Prepare for a Riva Server Exchange Web Services Connection

This article describes how to prepare for a Riva connection to Exchange on-premises using Exchange Web Services (EWS).

Supported on-premises Exchange systems: Riva uses Exchange Web Services to connect to the following on-premises Exchange systems:

• Exchange 2016
• Exchange 2013
• Exchange 2010
• Exchange 2007 SP1 Rollup 1 or higher

To prepare to connect to on-premises Exchange

1. Prepare an Exchange service account for the Riva connection.
2. Prepare corporate firewalls.
3. Confirm connectivity from the Windows host server to Exchange on-premises.
4. Prepare the user mailboxes that Riva On-Premise will sync.

Step 1: Prepare an Exchange Service Account for the Riva Connection

A connection to Exchange is established by Riva using the configured credentials of an Exchange "service user" that has been assigned permissions to access the mailboxes that will be processed.

For more information, see How does Riva communicate with Exchange?.

The Exchange service user used by Riva is referred to as the Riva connection user.

To prepare the Riva connection user:

1. Create a new Exchange/Active Directory user, for example: svc_rivasync (preferred), or when setting up a test/trial instance of Riva, select an existing Exchange service user account mailbox that may already be available.

   Notes:

   1. If a password change policy forces credentials to expire, ensure that the credentials are updated in Riva at the same time.

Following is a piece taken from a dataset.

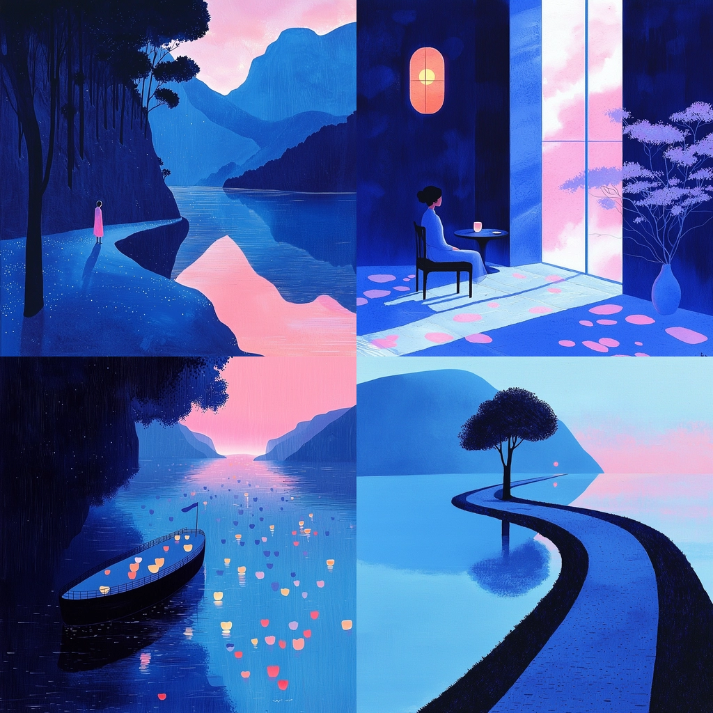 A serene interplay of cool blues and warm pinks, creating visual harmony.

   2. Riva can also use "Client Certificate-based" authentication.  This replaces the need to use traditional username/password credentials and overcomes the challenge of managing password expiration related to the service account.

   3. This step is recommended so Riva administrators do not have to repeatedly change the password in the Riva connection.

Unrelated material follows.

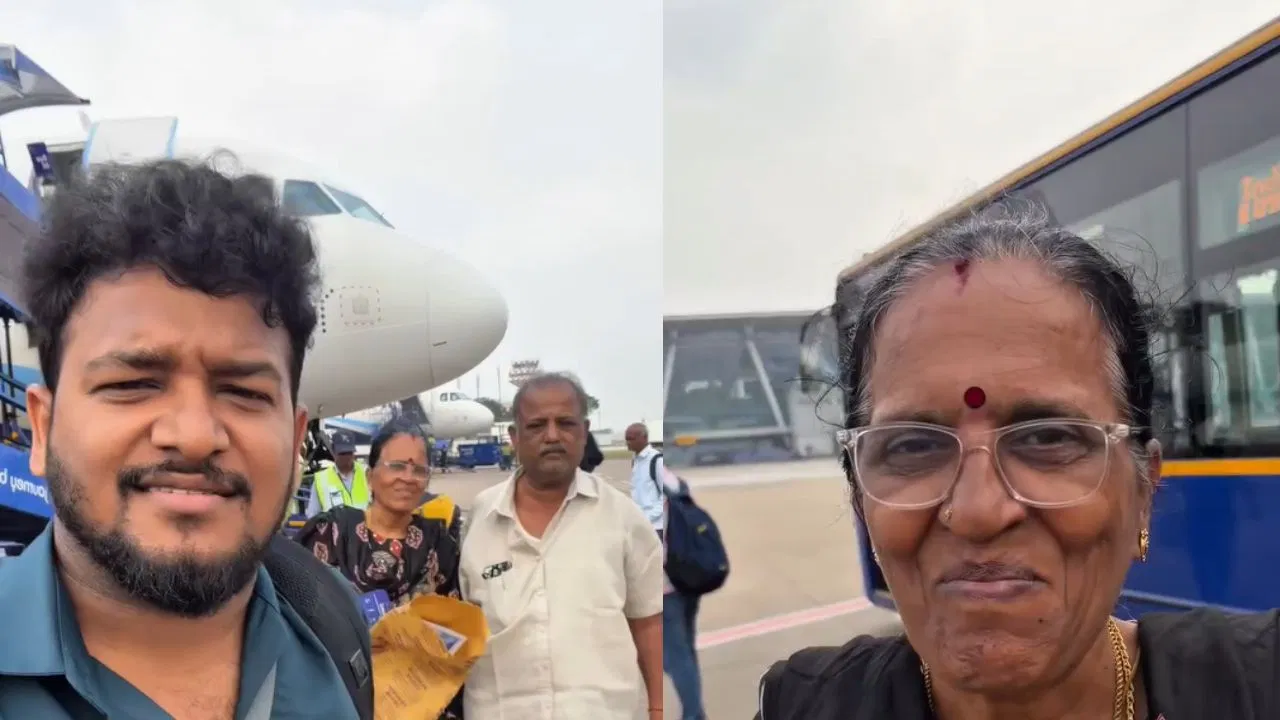 दरअसल, इस वीडियो में एक बंदा अपने माता-पिता को पहली बार हवाई जहाज का सफर कराता नजर आता है और उसके बाद उनका जो रिएक्शन होता है, वो देखने लायक होता है. वीडियो में आप देख सकते हैं कि बंदा कैसे अपने माता-पिता को उनकी पहली हवाई यात्रा पर ले जाते हुए नजर आता है. शुरुआत में बंदा अपने पैरेंट्स के साथ रनवे पर खड़ा होता है, जबकि उसके पीछे इंडिगो का विमान इंतजार कर रहा होता है. इस दौरान मां के चेहरे की खुशी देखने लायक होती है. बाद में वो उन्हें लेकर फ्लाइट के अंदर बैठ जाता है और अंदर ही अंदर बहुत गर्व महसूस करता है.

   4. If the password is changed in Exchange, the password needs to be updated in Riva.

2. Assign permissions in Exchange to enable access to the individual end-user mailboxes that Riva will sync. See Prepare the Exchange service user for the Riva connection.

   If available, Microsoft recommends that service-based applications like Riva should use a process named "Exchange ApplicationImpersonation" Role-based Access Control (RBAC). This is the preferred and recommended access strategy.

   As an alternative, "Delegate Full Access permissions" can also be granted. Delegation can be granted on a per-folder basis, but this option is the least recommended, because it is the most error prone and difficult to configure.

The following steps are recommended if using "Delegate Full Access" permissions:

4. Configure this user as a fully enabled Exchange mailbox user that is visible on the Exchange Global Access List (GAL).

5. Confirm that the Riva connection user is excluded from any Domain Admins group.

6. For Exchange 2010+ on-premises systems, ensure that the EWS throttling policy is adjusted in order to allow Riva to meet the sync requirements by increasing or disabling Exchange mailbox throttling parameters for the Riva connection user.

7. Once configured, test access to the mailboxes to be synced by the Riva connection user.

Step 2: Prepare Corporate Firewalls

In most deployments, the Exchange edge services that are responsible for the Exchange Web Services (EWS) are already available internally on the corporate network. This is typically the same infrastructure used to host the Outlook Web Access and the ActiveSync mobile devices services. Also Mac-based Outlook and Mail apps also leverage the same EWS sub-system to be able to access the end-user's mailbox content.

However, it is always recommended to confirm that both Windows and corporate firewalls are configured to allow the Windows server used to host the Riva processes access to the server that is responsible for Exchange EWS (ports 80 and 443). See Firewall settings for Riva.

Step 3: Confirm Connectivity from the Windows Host Server to Exchange On-Premises

On the Windows system that will host the Riva On-Premise server, confirm that you can log into the Outlook Web Access using the Exchange service user account login credentials. Outlook does not need to be installed on this server.

Step 4: Prepare the User Mailboxes That Riva On-Premise Will Sync

Ensure that each user mailbox that Riva will sync is ready:

• Primary SMTP Email Address: Ensure that the user mailbox primary SMTP reply-to email address value in Exchange matches the primary email address value of the user's CRM account email address. Riva cannot resolve for email aliases. Example: If the user's primary email address is an @example.local email address and has email aliases that allow @example.com, Riva will not be able to resolve email or calendar sync from Exchange to the CRM for @example.com, because the primary email address is not using a publicly acceptable top-level domain.

• Global Access List: Ensure that the user mailbox is visible in the Global Access List (GAL). If Exchange-enabled groups will be used to add mailboxes to the sync policy, the group must also be visible in the GAL.

• Initial logon to Exchange: Ensure that the user has logged into their Exchange mailbox at least once using Outlook or Outlook Web Access to create the mailbox folders, calendar, and address book.